Σάββατο 5 Μαρτίου 2011

ADRENALECTOMY CAN BE AVOIDED EVEN FOR LARGE RENAL TUMORS

NEW YORK (Reuters Health) Mar 02 - Adrenal involvement is rare in cases of renal cell carcinoma, even when the tumor is large or in the upper pole. Therefore, concurrent adrenalectomy is not usually necessary, researchers report.
Writing in the April issue of the Journal of Urology published online February 22, lead author Dr. Alexander Kutikov and colleagues at the Fox Chase Cancer Center in Philadelphia, Pennsylvania, note that concurrent adrenalectomy during surgery for renal cell carcinoma was once routine.
"Over the recent decades, however, the necessity of adrenalectomy at the time of nephrectomy has been questioned," Dr. Kutikov told Reuters Health via email.
Recent recommendations indicate that adrenalectomy should be reserved for large tumors of 7 cm or more located in the upper pole. "We felt that this recommendation stemmed largely from historical 'inertia,'" said Dr. Kutikov. "In this study we examined whether the recommendation is in fact valid."
The team evaluated adrenal involvement in 179 patients in the center's kidney cancer registry who had surgery for renal tumors 7 cm in size or larger.

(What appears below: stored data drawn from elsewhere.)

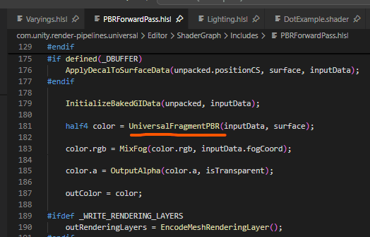 Shader Graph's master node uses the Editor\ShaderGraph\Includes\PBRForwardPass.hlsl file to generate the shader code. This code implements the lighting for the graph in forward shading. Notice that this graph always uses the PBR lighting model:
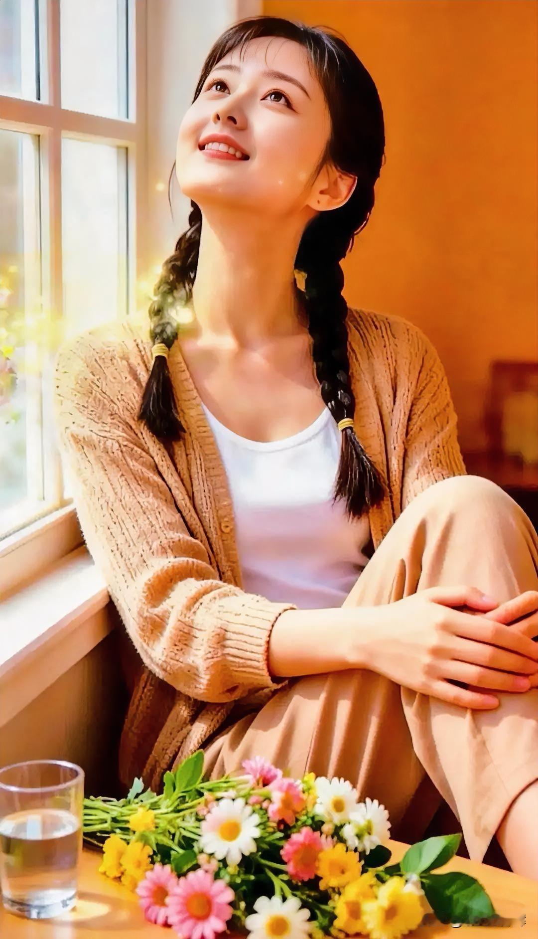 暖阳漫过窗棂,碎金落满肩头。 麻花辫轻垂,系住童真温柔。 针织开衫裹住软风,内搭白衫映着纯真。 她仰脸,笑意洇开如糖霜。 花束在旁,与水杯共守静谧。 美在寻常里,是时光也愿停驻的晴朗。
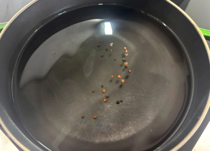 4. 냄비에 고기가 충분히 잠길만큼의 물을 넣고 준비한 통후추와 월계수잎을 넣어 불에 올려주세요.

In this group, 91 underwent concurrent adrenalectomy at renal surgery.
The investigators report that pathological adrenal involvement was confirmed in only four of the 91 (4.4%). Furthermore, preoperative adrenal imaging had 100% sensitivity and 92% specificity in detecting adrenal involvement, with 100% negative predictive value.

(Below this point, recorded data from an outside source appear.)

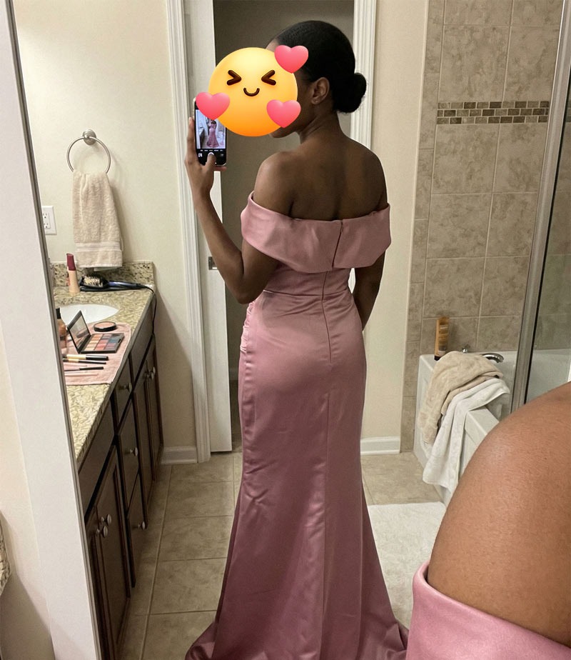 This is truly one of the best dresses I've ever bought. The off-shoulder style is really flattering and the sweep train is the perfect length. Plus, it's super comfortable. I'd definitely recommend this!
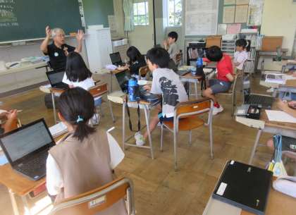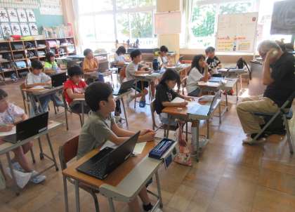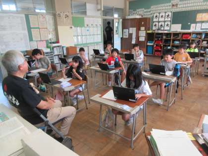 総合的な学習の時間では、八幡の自慢を発見しています。今回は、毎月のけんだま教室で来ていただいている先生にインタビューをしました。
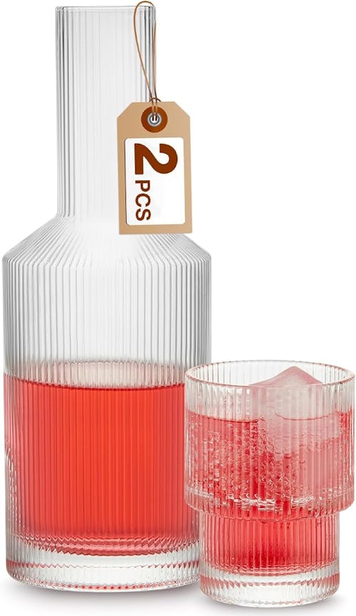 Keep this carafe set on your nightstand for middle-of-the-night water breaks. Or, some reviewers even use it for mouthwash in the bathroom or drinks in the kitchen. The glass jug holds up to 28 ounces, and the six-ounce drinking glass fits on top like a lid until you need to use it. Both pieces are dishwasher safe.

Upper pole location didn't predict adrenal involvement, and there was no survival advantage among the patients who underwent adrenalectomy compared to those who did not, whether the disease was localized or had metastasized.
"Routine adrenalectomy even in patients with large and/or upper pole renal tumors does not appear to be required," Dr. Kutikov and colleagues conclude. "Modern radiographic imaging is extremely sensitive to detect adrenal pathology and should guide management decisions regarding the need for concurrent adrenalectomy."
Dr. Kutikov added: "Regardless of size and location of the renal tumor, the adrenal gland can be safely spared if preoperative imaging definitively rules out an abnormality in the adrenal gland in question."